- Opening Delimiter -

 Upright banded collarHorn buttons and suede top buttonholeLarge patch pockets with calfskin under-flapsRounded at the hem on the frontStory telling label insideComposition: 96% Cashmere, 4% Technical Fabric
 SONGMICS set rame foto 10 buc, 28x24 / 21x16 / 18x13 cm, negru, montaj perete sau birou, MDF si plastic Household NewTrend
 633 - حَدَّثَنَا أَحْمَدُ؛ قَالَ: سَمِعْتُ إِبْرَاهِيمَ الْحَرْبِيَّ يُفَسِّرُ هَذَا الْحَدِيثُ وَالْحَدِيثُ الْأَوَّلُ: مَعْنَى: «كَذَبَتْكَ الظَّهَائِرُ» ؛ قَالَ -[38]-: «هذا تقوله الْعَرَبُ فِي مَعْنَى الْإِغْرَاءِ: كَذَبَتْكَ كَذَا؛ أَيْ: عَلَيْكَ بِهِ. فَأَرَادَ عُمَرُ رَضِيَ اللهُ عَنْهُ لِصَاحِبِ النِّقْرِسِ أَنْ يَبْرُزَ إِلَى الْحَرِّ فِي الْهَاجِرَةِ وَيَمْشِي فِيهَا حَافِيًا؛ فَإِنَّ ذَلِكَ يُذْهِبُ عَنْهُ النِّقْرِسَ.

- Closing Delimiter -
- Opening Delimiter -

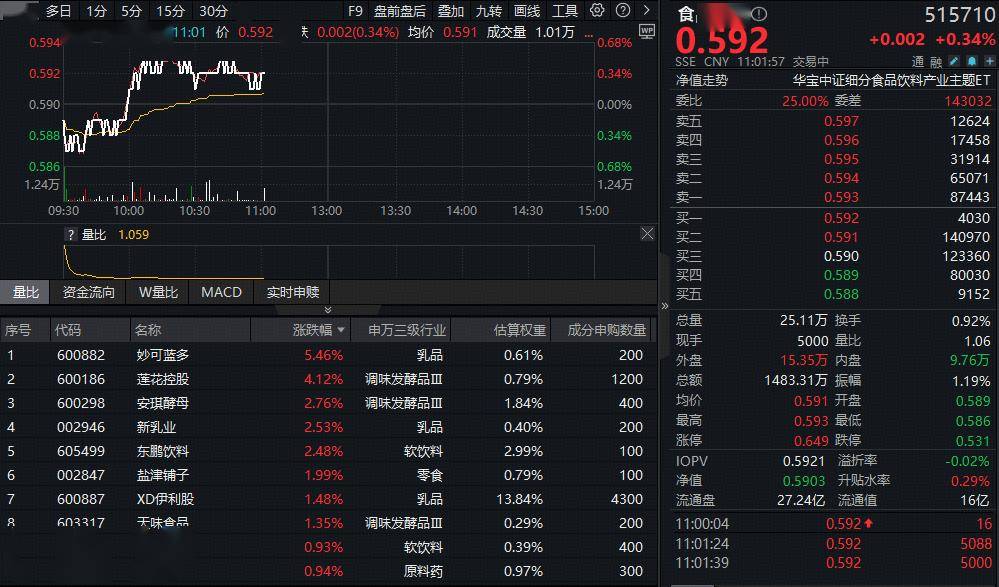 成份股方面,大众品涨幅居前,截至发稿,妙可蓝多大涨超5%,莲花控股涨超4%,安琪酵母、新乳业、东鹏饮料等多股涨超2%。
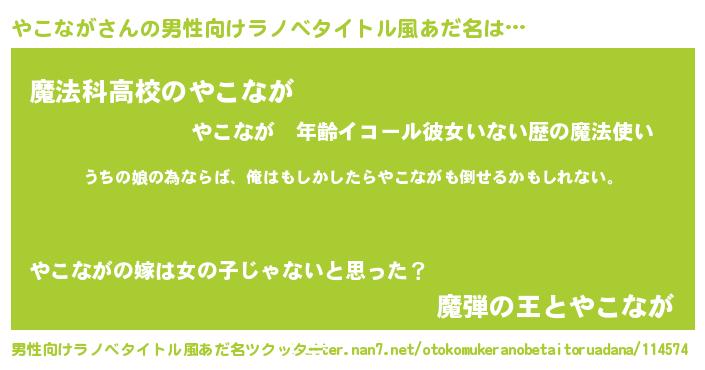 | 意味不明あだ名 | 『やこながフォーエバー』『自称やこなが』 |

- Closing Delimiter -

Copy the records above exactly, beginning at the line that contains "Upright banded collarHorn" and stopping after the line that contains "633 - حَدَّثَنَا".

 Upright banded collarHorn buttons and suede top buttonholeLarge patch pockets with calfskin under-flapsRounded at the hem on the frontStory telling label insideComposition: 96% Cashmere, 4% Technical Fabric
 SONGMICS set rame foto 10 buc, 28x24 / 21x16 / 18x13 cm, negru, montaj perete sau birou, MDF si plastic Household NewTrend
 633 - حَدَّثَنَا أَحْمَدُ؛ قَالَ: سَمِعْتُ إِبْرَاهِيمَ الْحَرْبِيَّ يُفَسِّرُ هَذَا الْحَدِيثُ وَالْحَدِيثُ الْأَوَّلُ: مَعْنَى: «كَذَبَتْكَ الظَّهَائِرُ» ؛ قَالَ -[38]-: «هذا تقوله الْعَرَبُ فِي مَعْنَى الْإِغْرَاءِ: كَذَبَتْكَ كَذَا؛ أَيْ: عَلَيْكَ بِهِ. فَأَرَادَ عُمَرُ رَضِيَ اللهُ عَنْهُ لِصَاحِبِ النِّقْرِسِ أَنْ يَبْرُزَ إِلَى الْحَرِّ فِي الْهَاجِرَةِ وَيَمْشِي فِيهَا حَافِيًا؛ فَإِنَّ ذَلِكَ يُذْهِبُ عَنْهُ النِّقْرِسَ.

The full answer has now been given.